Everything else, however, was delicious. I’d never cooked dried chickpeas before (yes, I realize that might be weird.). Honestly, I’m not much of a chickpea fan (except in hummus), so if I buy them at all, I opt for the canned variety. Soaking and cooking from dried is MUCH better! The peas are much more tender, but not at all mushy. And they blended beautifully in the hummus, which was silky smooth. My personal favorite of the night, however, was the baba ganoush. I’ve made that baba ganoush several times over the past few months, and I fall more in love with it each time. With a large plate of baby carrots, I could finish off a bowl of it by myself. It’s that good. My second favorite was the muhammara that went with the meatballs. I could envision using that on other cuts of meat – muhammara-glazed skirt steak, maybe? It was so easy to make, I definitely need to consider future uses for it.

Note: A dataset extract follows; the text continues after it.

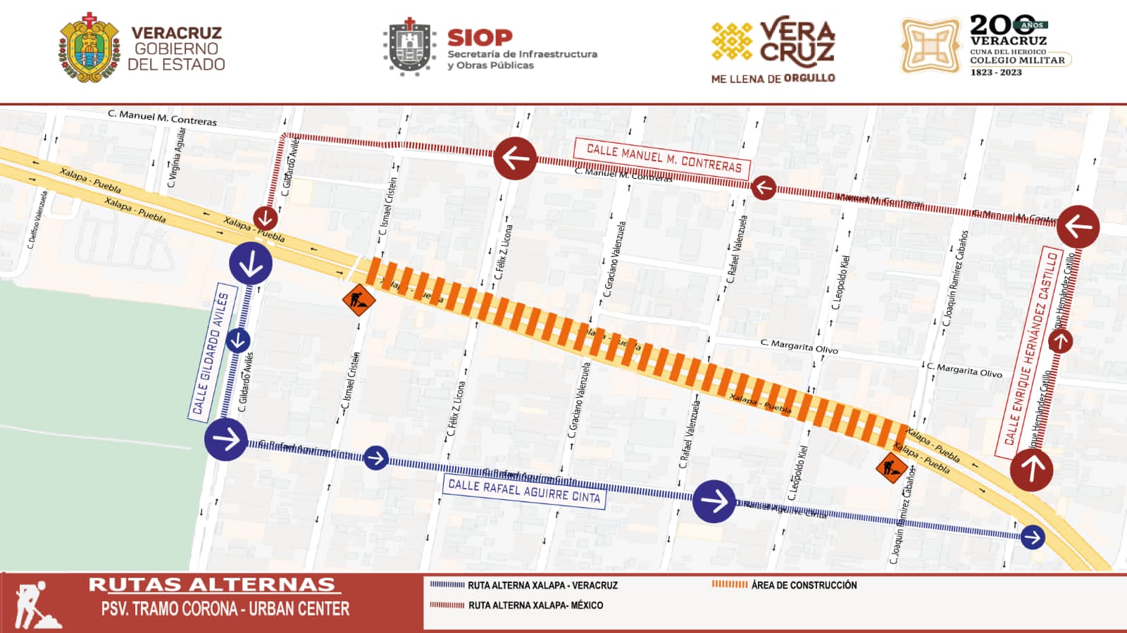 Xalapa, Ver., 09 de junio de 2023.- La construcción del segundo Paso Superior Vehicular incluido en el Plan B de vialidad para la capital del estado iniciará en 15 días, anunció el gobernador Cuitláhuac García Jiménez al presentar las rutas alternas que habrán de permitir un tráfico fluido en la zona de la Plaza Urban Center, en la colonia Rafael Lucio. Acompañado por el secretario de Infraestructura y Obras Públicas, Elio Hernández Gutiérrez, y el alcalde Ricardo Ahued Bardahuil, dijo que la circulación resultará más sencilla porque previamente fueron rehabilitadas en concreto hidráulico y la debida señalización las calles y avenidas a utilizar, mientras que el colector pluvial Hernández Castillo se encuentra ya en funcionamiento. Las desviaciones quedarán de la siguiente manera: quienes viajen en dirección Veracruz-México podrán tomar Enrique Hernández Castillo, pasando el puente Miguel Alemán, y a dos cuadras girar a Manuel M. Contreras hasta topar con Gildardo Avilés y de ahí regresar a Lázaro Cárdenas, frente al centro comercial.

Overall, this was a great Daring Cooks challenge. We enjoyed preparing everything, and finished the evening with a considerable amount of Wii playing with the kids, chatting, and a bit of foosball and air hockey. Definitely a night worthy of repeating.

Gluten-Free Pita Bread, adapted from Flatbreads & Flavors by Jeffrey Alford and Naomi Duguid

(this recipe may not be exact – the recipe I created was lost)

1 T dry yeast

2 1/4 c warm water (110-115 degrees F)

1 t agave nectar

2 c quinoa flour

2 c amaranth flour

2 c tapioca starch

1 t gelatine

1 t xanthan gum

1 T kosher salt

2 T olive oil

In a large bowl, combine yeast, water, and agave nectar. Stir to combine and allow to sit for about 10 minutes, until foamy.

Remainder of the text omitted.